→ Data section

§ §

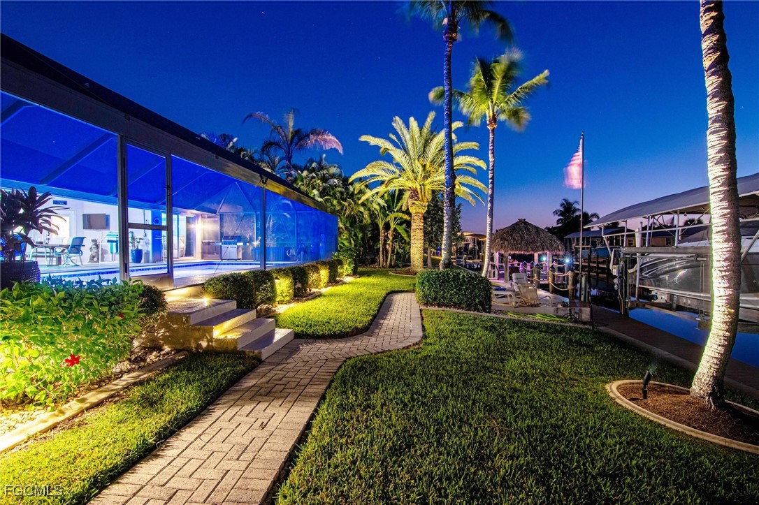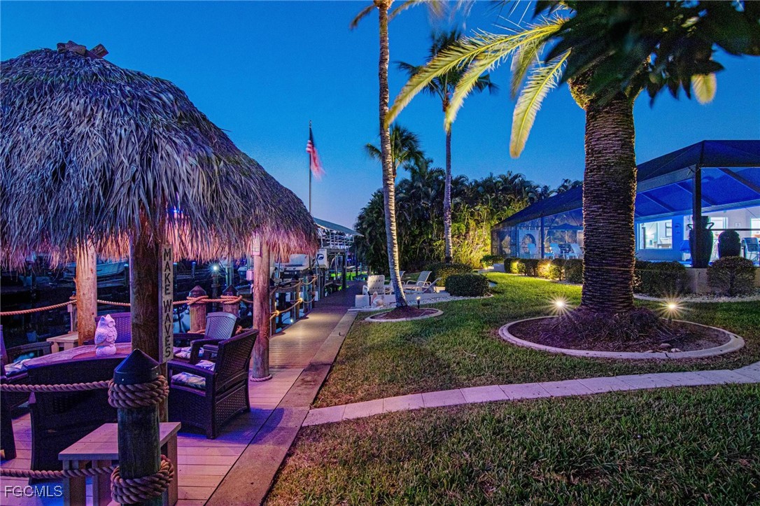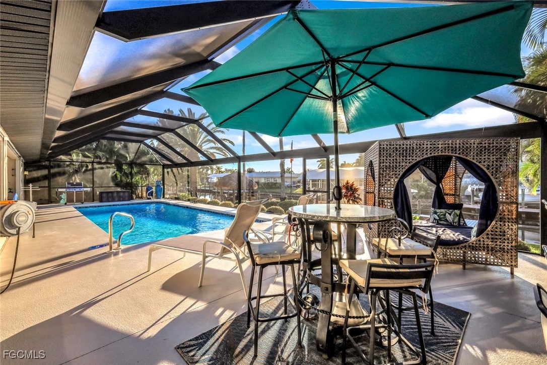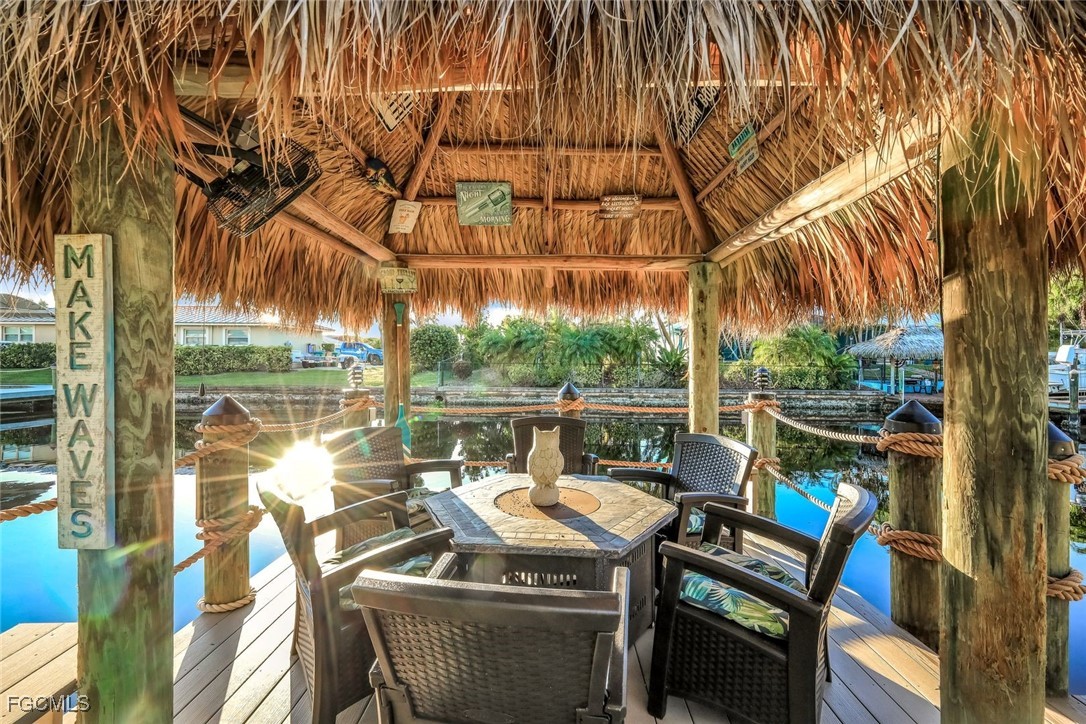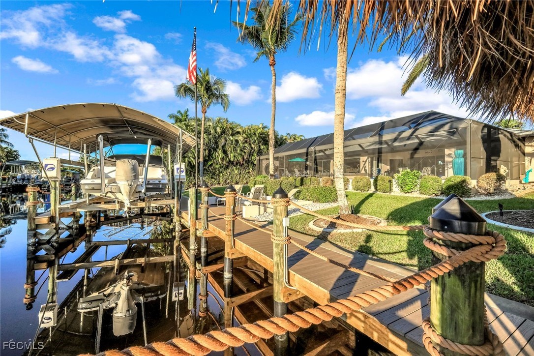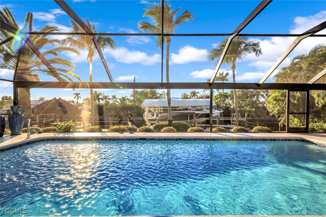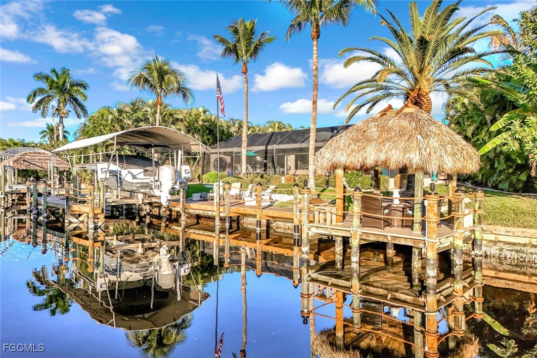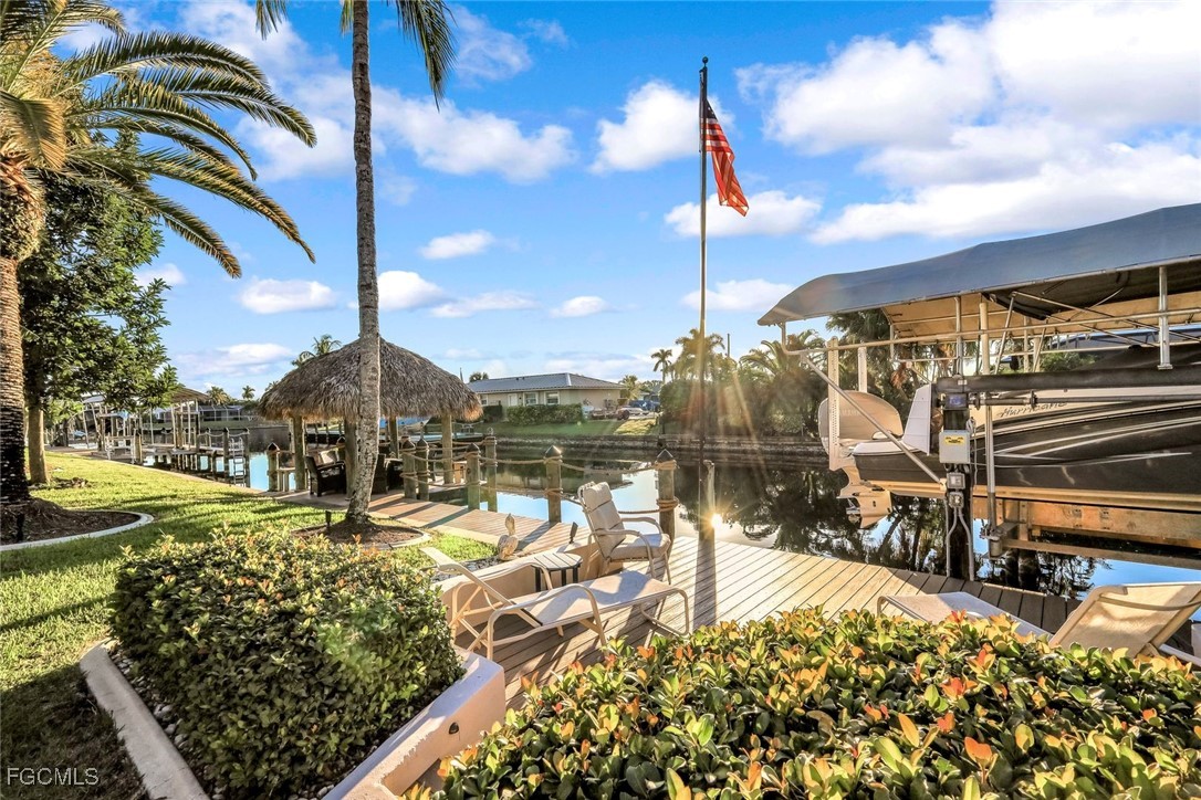 This home is in one of Cape Coral's most desirable boating neighborhoods, and is near the end of a cul de sac, only a few blocks off the river. Located within 5 minutes to open water by boat, there are no bridges to worry about, and the owners recently installed a new over water tiki hut, boat lift, and dock with a full captains walk. This beautifully maintained home has never had any water intrusion/flooding from hurricanes. The sellers have added several updates to the home in the last few years such as a new roof, resurfaced pool, new pool lights and controls, new exterior, and interior lighting, a panoramic screened lanai cage, and much more that you will not want to miss. This home would make a perfect primary, secondary, or investment property, as it is offered fully furnished. All you need to do is bring your boat and toothbrush. Schedule your tour today, and ask your Realtor for a full list of recent updates to the property!
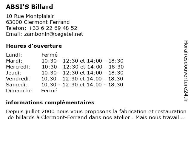 Images pour l'entreprise ABSI'S Billard à Clermont-Ferrand
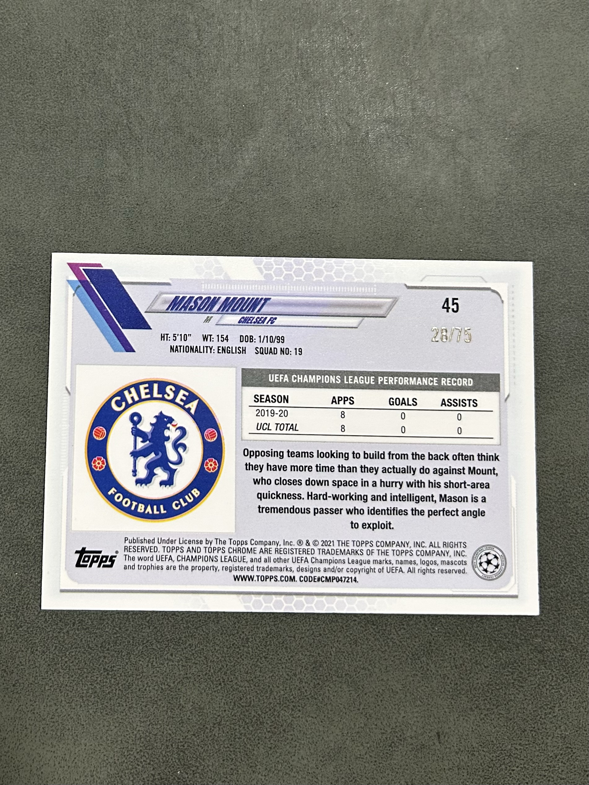 2020-21 Topps Chrome Mason Mount 梅森 芒特 75编 28/75 绿碎冰 绿宝石 曼联 切尔西 英格兰 欧冠冠军 红魔 欧冠 蓝宝石Sapphire
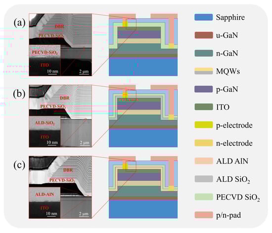 Schematics and cross-sectional TEM images of green flip-chip mini-LEDs with different passivation layers. (a) Sample A with single PECVD-SiO2 passivation layer; (b) sample B with a composite ALD-SiO2/PECVD-SiO2 passivation layer; (c) sample C with a composite ALD-AlN/PECVD-SiO2 passivation layer.
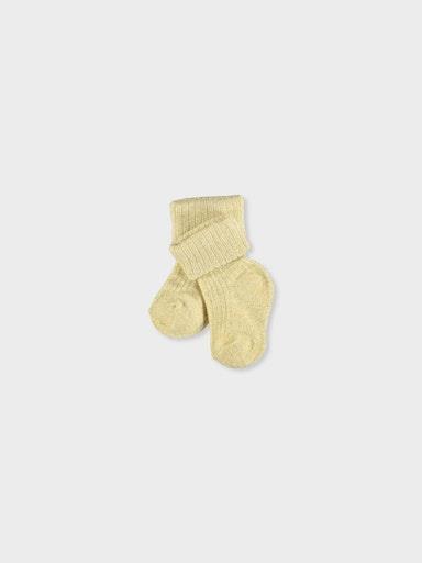 Otroške dekliške nogavičke z rebrastim vzorcem, z bleščečimi kovinskimi nitkami v blagu, z zavihkom. Material: 60% bombaž, 20% kovinska vlakna, 17% poliamid, 3% elastan

§ §

→ What to do
Return the whole of the material above exactly, with no picture carried over.

→ Answer box
 This home is in one of Cape Coral's most desirable boating neighborhoods, and is near the end of a cul de sac, only a few blocks off the river. Located within 5 minutes to open water by boat, there are no bridges to worry about, and the owners recently installed a new over water tiki hut, boat lift, and dock with a full captains walk. This beautifully maintained home has never had any water intrusion/flooding from hurricanes. The sellers have added several updates to the home in the last few years such as a new roof, resurfaced pool, new pool lights and controls, new exterior, and interior lighting, a panoramic screened lanai cage, and much more that you will not want to miss. This home would make a perfect primary, secondary, or investment property, as it is offered fully furnished. All you need to do is bring your boat and toothbrush. Schedule your tour today, and ask your Realtor for a full list of recent updates to the property!
 Images pour l'entreprise ABSI'S Billard à Clermont-Ferrand
 2020-21 Topps Chrome Mason Mount 梅森 芒特 75编 28/75 绿碎冰 绿宝石 曼联 切尔西 英格兰 欧冠冠军 红魔 欧冠 蓝宝石Sapphire
 Schematics and cross-sectional TEM images of green flip-chip mini-LEDs with different passivation layers. (a) Sample A with single PECVD-SiO2 passivation layer; (b) sample B with a composite ALD-SiO2/PECVD-SiO2 passivation layer; (c) sample C with a composite ALD-AlN/PECVD-SiO2 passivation layer.
 Otroške dekliške nogavičke z rebrastim vzorcem, z bleščečimi kovinskimi nitkami v blagu, z zavihkom. Material: 60% bombaž, 20% kovinska vlakna, 17% poliamid, 3% elastan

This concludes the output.